Two equal and oppisitely directed forces acting on an object will be in equilibrium .
(a)only if they act on the same point on he object.
(b)if they are separated by a distance.
(c)when they are balanced by a third force.
(d)when their moments about the same point are equal.
If they act through separate points, the object will spin :)
The correct answer is (d) when their moments about the same point are equal.
To understand why, let's break down the concept of equilibrium and moments:
Equilibrium refers to a state where an object has no net force acting on it, causing it to be at rest or moving with constant velocity. In other words, the forces acting on the object are balanced, and there is no tendency for the object to accelerate in any direction.
Moments, on the other hand, are a measure of the turning effect of a force about a particular point. They depend on both the magnitude of the force and the distance of the force from the point of rotation. Moments can be calculated by multiplying the force magnitude by the perpendicular distance from the point of rotation.
When two equal and oppositely directed forces act on an object, they cancel each other out in terms of their effect on the object's linear motion. However, they can still produce a turning effect or moment on the object if they have different distances from a point of rotation.
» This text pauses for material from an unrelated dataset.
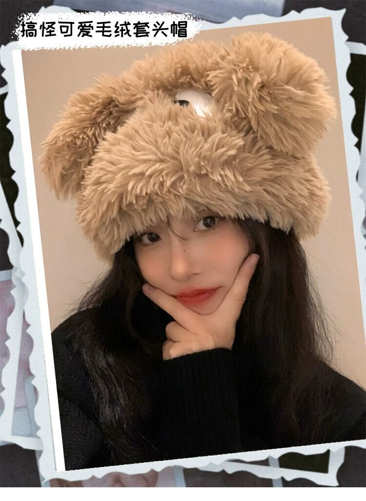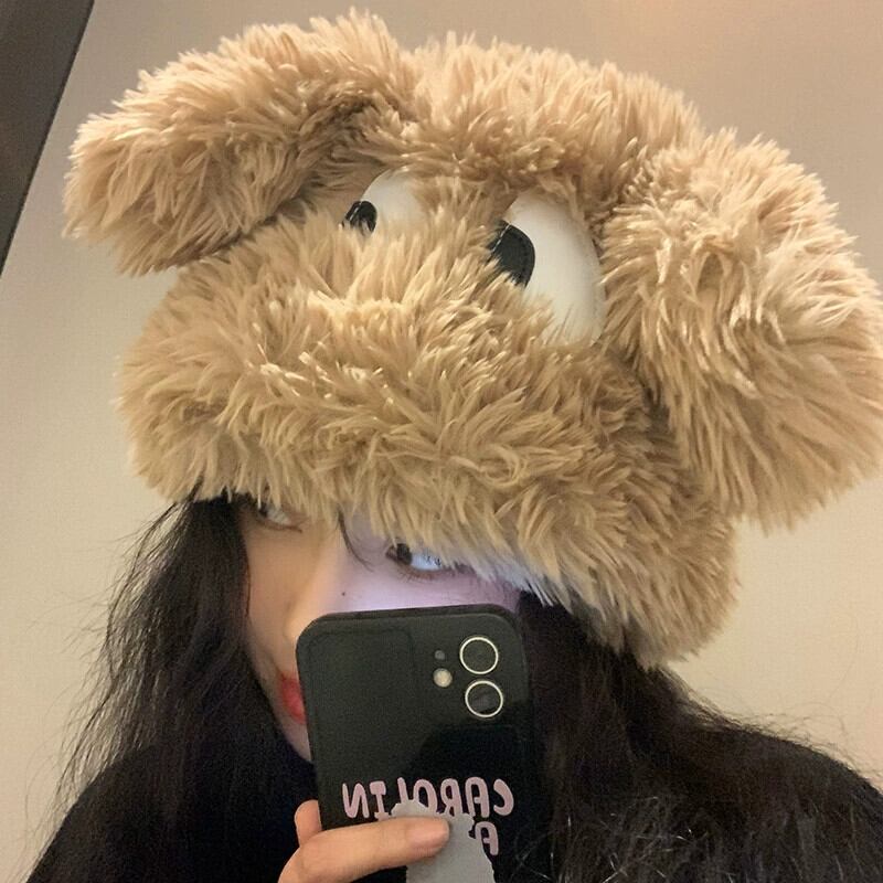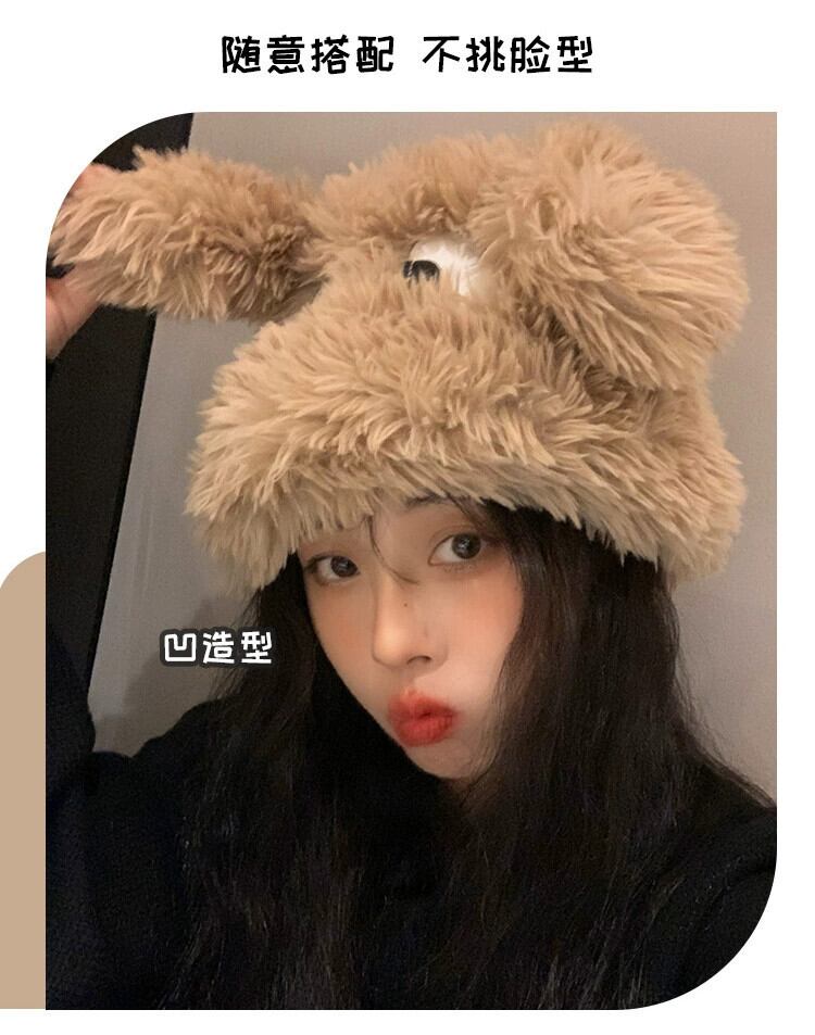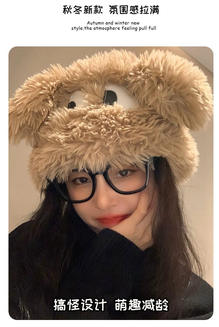 ぬいぐるみ子犬帽子女性の秋と冬暖かい耳保護ビーニー帽子かわいい耳多用途ニット大きな頭囲 大人ガーリー スウィート キュート カジュアル オータム 秋物 ウィンター 冬物 15dd28303974717

For these forces to be in equilibrium, their moments about the same point must be equal. This means that the product of the force magnitude and its distance from the point of rotation must be the same for both forces. When the moments are equal, there are no net moments acting on the object, which contributes to its overall equilibrium.
Therefore, the correct answer is (d) when the moments about the same point are equal. Options (a), (b), and (c) are not sufficient to ensure equilibrium in this scenario.